**WORK ITEM:** Line by line, set down the records below from the first line through the line containing "- servizio bar". Omit the pictures.

**Dataset entries:**
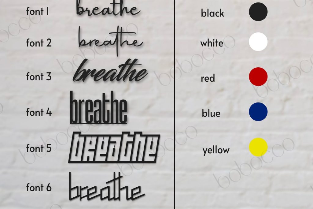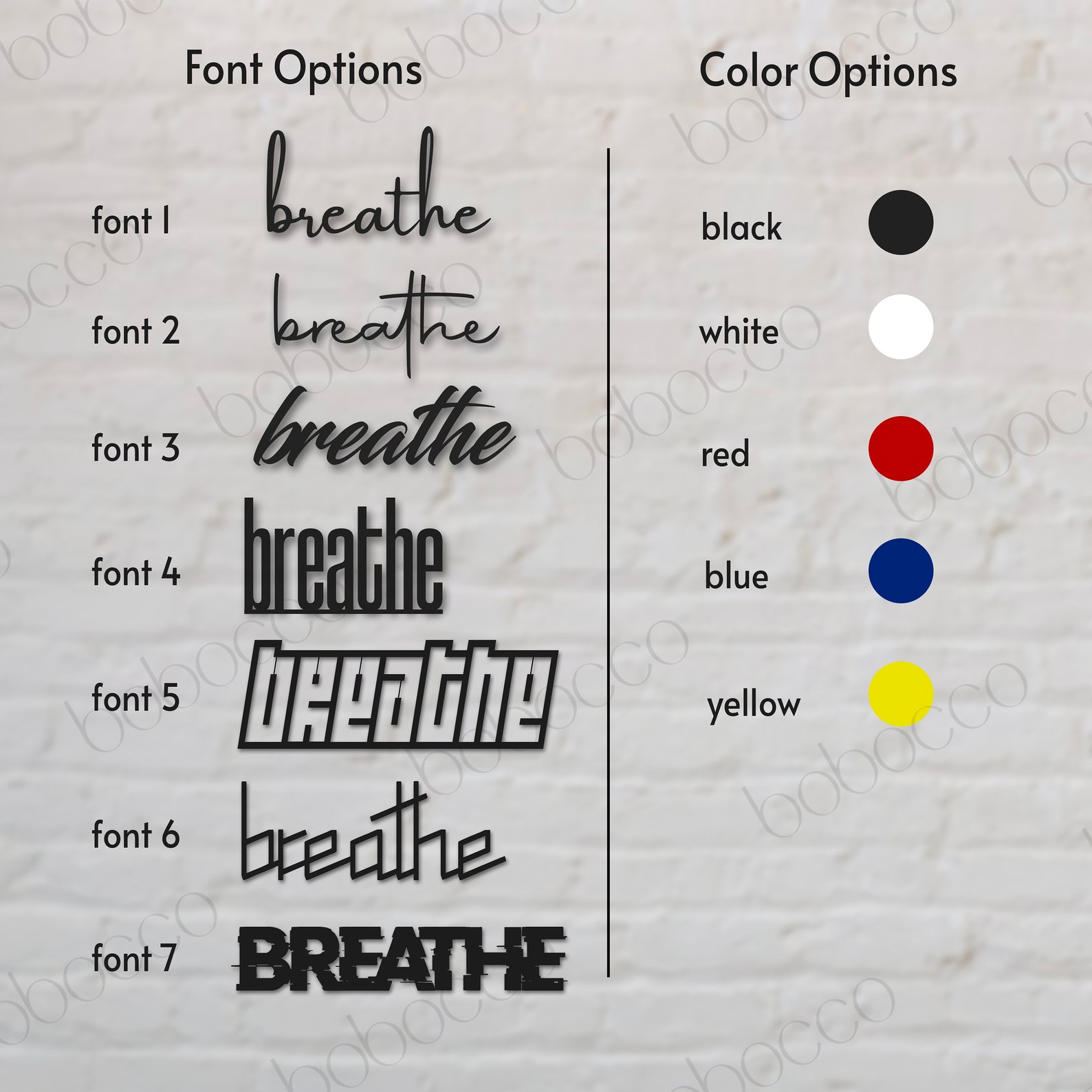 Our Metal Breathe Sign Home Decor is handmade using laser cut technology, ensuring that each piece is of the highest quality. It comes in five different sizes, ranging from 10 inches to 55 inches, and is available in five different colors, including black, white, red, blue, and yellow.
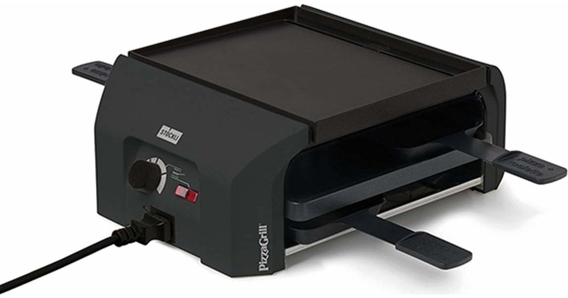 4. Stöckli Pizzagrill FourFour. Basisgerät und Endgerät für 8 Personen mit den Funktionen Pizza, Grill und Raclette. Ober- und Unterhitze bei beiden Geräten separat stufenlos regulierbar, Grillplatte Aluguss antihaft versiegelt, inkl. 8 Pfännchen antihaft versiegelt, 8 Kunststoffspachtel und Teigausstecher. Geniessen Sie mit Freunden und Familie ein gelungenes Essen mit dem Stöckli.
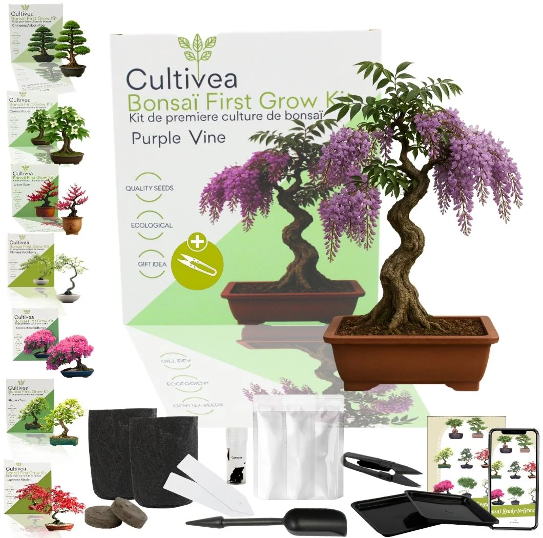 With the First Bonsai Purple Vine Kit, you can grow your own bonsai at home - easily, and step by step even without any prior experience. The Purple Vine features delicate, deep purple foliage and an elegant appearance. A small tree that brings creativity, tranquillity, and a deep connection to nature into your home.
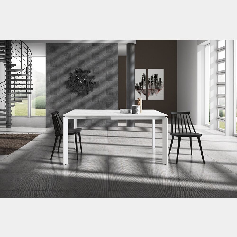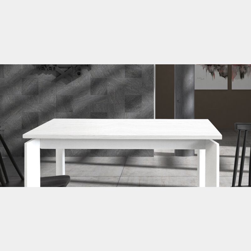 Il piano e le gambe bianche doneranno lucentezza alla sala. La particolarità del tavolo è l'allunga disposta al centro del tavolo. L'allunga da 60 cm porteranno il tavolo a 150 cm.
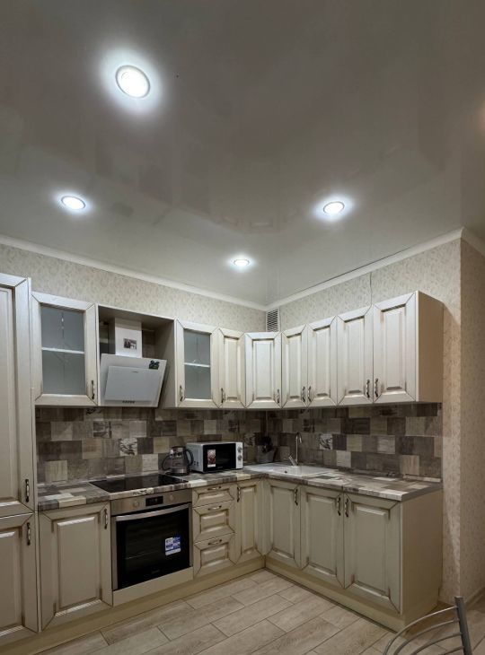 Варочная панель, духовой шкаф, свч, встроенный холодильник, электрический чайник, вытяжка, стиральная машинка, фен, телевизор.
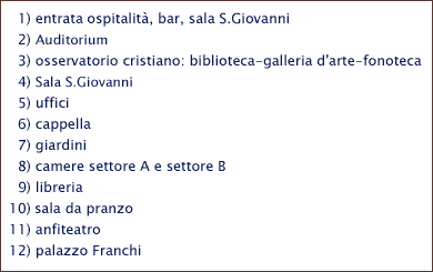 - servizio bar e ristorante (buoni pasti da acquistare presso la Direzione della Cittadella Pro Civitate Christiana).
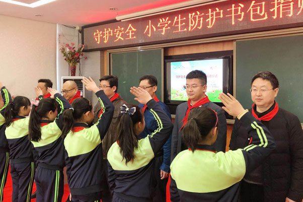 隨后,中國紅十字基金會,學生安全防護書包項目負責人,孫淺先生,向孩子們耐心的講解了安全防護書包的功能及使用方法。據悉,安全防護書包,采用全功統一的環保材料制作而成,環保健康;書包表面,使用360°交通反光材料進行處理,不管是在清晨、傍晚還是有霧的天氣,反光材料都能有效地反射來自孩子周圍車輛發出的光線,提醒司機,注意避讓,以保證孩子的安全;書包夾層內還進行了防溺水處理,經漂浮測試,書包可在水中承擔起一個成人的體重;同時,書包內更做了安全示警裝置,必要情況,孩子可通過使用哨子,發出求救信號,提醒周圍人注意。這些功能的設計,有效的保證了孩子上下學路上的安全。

**RESPONSE TO THIS EXERCISE:**
 Our Metal Breathe Sign Home Decor is handmade using laser cut technology, ensuring that each piece is of the highest quality. It comes in five different sizes, ranging from 10 inches to 55 inches, and is available in five different colors, including black, white, red, blue, and yellow.
 4. Stöckli Pizzagrill FourFour. Basisgerät und Endgerät für 8 Personen mit den Funktionen Pizza, Grill und Raclette. Ober- und Unterhitze bei beiden Geräten separat stufenlos regulierbar, Grillplatte Aluguss antihaft versiegelt, inkl. 8 Pfännchen antihaft versiegelt, 8 Kunststoffspachtel und Teigausstecher. Geniessen Sie mit Freunden und Familie ein gelungenes Essen mit dem Stöckli.
 With the First Bonsai Purple Vine Kit, you can grow your own bonsai at home - easily, and step by step even without any prior experience. The Purple Vine features delicate, deep purple foliage and an elegant appearance. A small tree that brings creativity, tranquillity, and a deep connection to nature into your home.
 Il piano e le gambe bianche doneranno lucentezza alla sala. La particolarità del tavolo è l'allunga disposta al centro del tavolo. L'allunga da 60 cm porteranno il tavolo a 150 cm.
 Варочная панель, духовой шкаф, свч, встроенный холодильник, электрический чайник, вытяжка, стиральная машинка, фен, телевизор.
 - servizio bar e ristorante (buoni pasti da acquistare presso la Direzione della Cittadella Pro Civitate Christiana).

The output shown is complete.